Measurement and analysis of nonexponential signal decay curves in brain diffusion and muscle relaxation magnetic resonance studies in humans

Detailed measurement and analysis of two important processes in magnetic resonance imaging (MRI) are described. The processes of interest are the apparent diffusion coefficient (ADC) behavior of water protons in the brain and the transverse relaxation (T2) behavior of water protons in muscle. The method described for the brain water diffusion study allows for more detailed sampling of the brain signal decay with b-factor than is usually performed. Prolonged scan times are avoided using a line scan format with the tradeoff being reduced volume coverage. The method described for the muscle studies also provides greater sampling of the T2 decay curves than is generally performed. The main advantage of the line scan format in this case, however, lies in the ability to perform "single-shot" sampling of the decay curve which may prove useful for studying temporal changes of muscle during exercise.
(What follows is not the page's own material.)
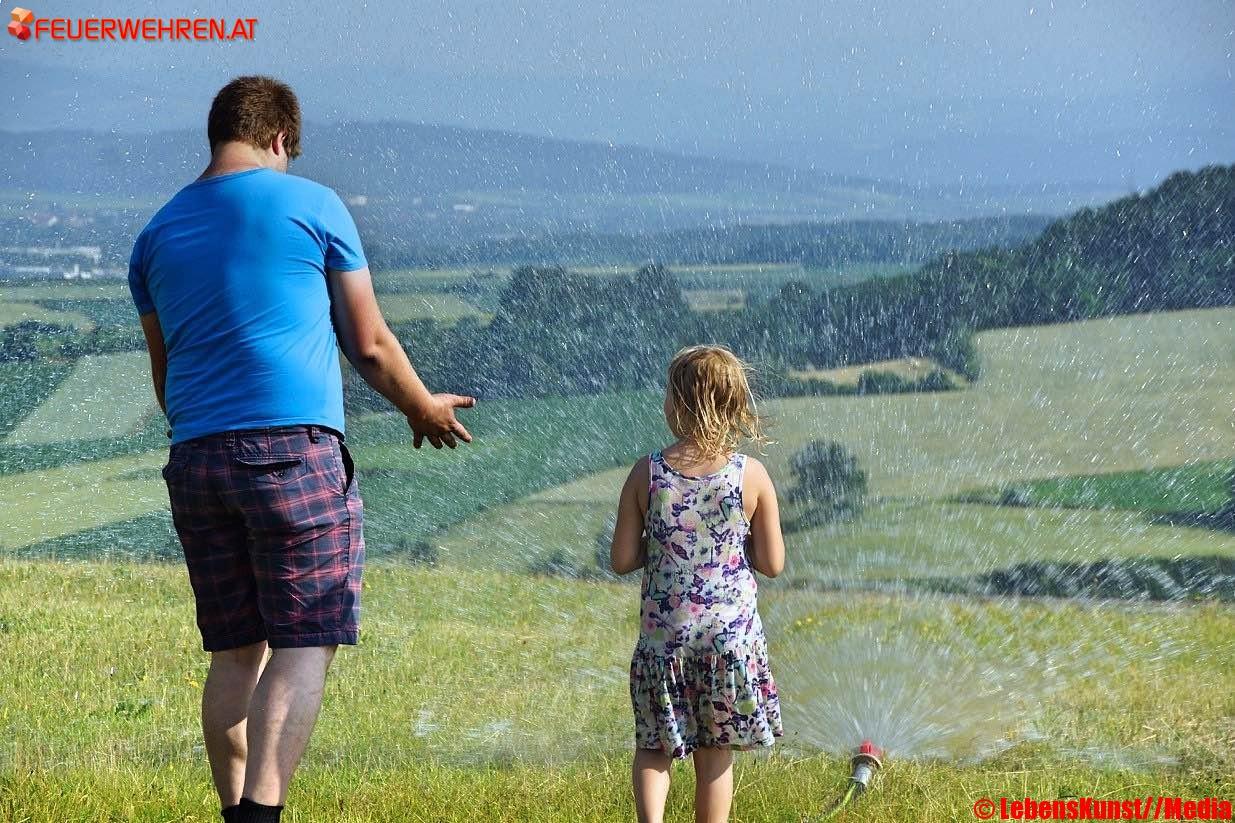 Es gab auch eine Feuerwehr-Malstation und ein Feuerwehr-Memory. Im Anschluss hatten sich alle das Picknick verdient und die Kameraden der Feuerwehr wurde dankenswerter Weise vom Kindergartenteam verköstigt. Beim gemeinsamen Abschluss bedankte sich Kindergartenleiterin Uschi Marbach bei allen Kindern, den Feuerwehrmännern und den freiwilligen Helfern mit einem Geschenk. Die Schulanfänger überreichten dem Kindergarten einen Apfelbaum als Abschiedsgeschenk. Als Höhepunkt für die Kinder, den Eltern und das Kindergartenteam gab es den Temperaturen entsprechend noch eine ausgedehnte Wasserschlacht.

In either case, the high sampling of the relevant decay curves allows us to explore the limits of the usual assumption of monoexponential decay with two complimentary computational methods. These are discrete and continuum exponential signal modeling, respectively. For both processes studied, the assumption of monoexponential decay is found lacking. The results indicate the potential for greater tissue characterization and highlight the need for biophysical modeling of multicomponent decay behavior in vivo.